BRIEF
Pictures aside, quote the whole listing exactly.

AVAILABLE DATA
Segment Open
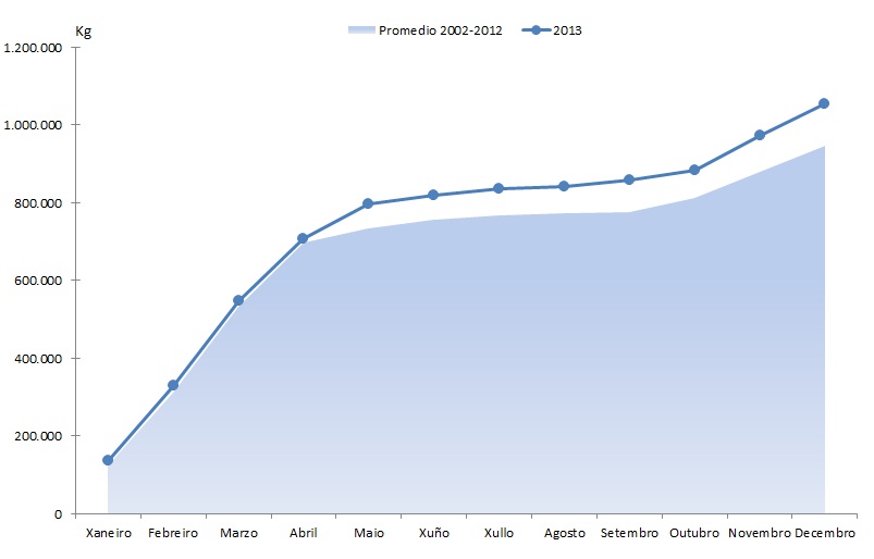 | Ovas de pescada | 168.174 | 505.928 | 119.356 | 356.918 | 48.818 | 149.010 | 40,90% | 41,75% |
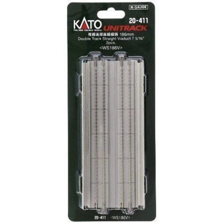 Laying down track in real life requires a lot of hard labor and careful alignment to make sure the tracks are straight and parallel. Fortunately, laying down N Gauge track can be much, much easier with kato UNITRACK. Kato Double track plates allow modelers to create even track spacing with ease, and is available both as ground level plates and as viaduct track! Please note that all of these Concrete Tie Double Track pieces are 100% compatible with the regular double and single track Unitrack pieces and bridges and can be added into your existing Unitrack layouts!
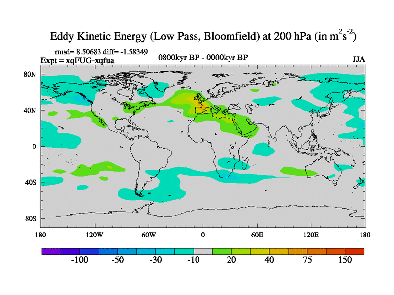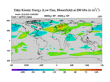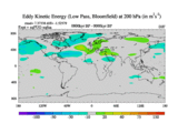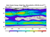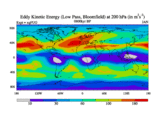 Low Pass Eddy Kinetic Energy at 200 hPa
Segment Closed
YOUR RESPONSE
 | Ovas de pescada | 168.174 | 505.928 | 119.356 | 356.918 | 48.818 | 149.010 | 40,90% | 41,75% |
 Laying down track in real life requires a lot of hard labor and careful alignment to make sure the tracks are straight and parallel. Fortunately, laying down N Gauge track can be much, much easier with kato UNITRACK. Kato Double track plates allow modelers to create even track spacing with ease, and is available both as ground level plates and as viaduct track! Please note that all of these Concrete Tie Double Track pieces are 100% compatible with the regular double and single track Unitrack pieces and bridges and can be added into your existing Unitrack layouts!
 Low Pass Eddy Kinetic Energy at 200 hPa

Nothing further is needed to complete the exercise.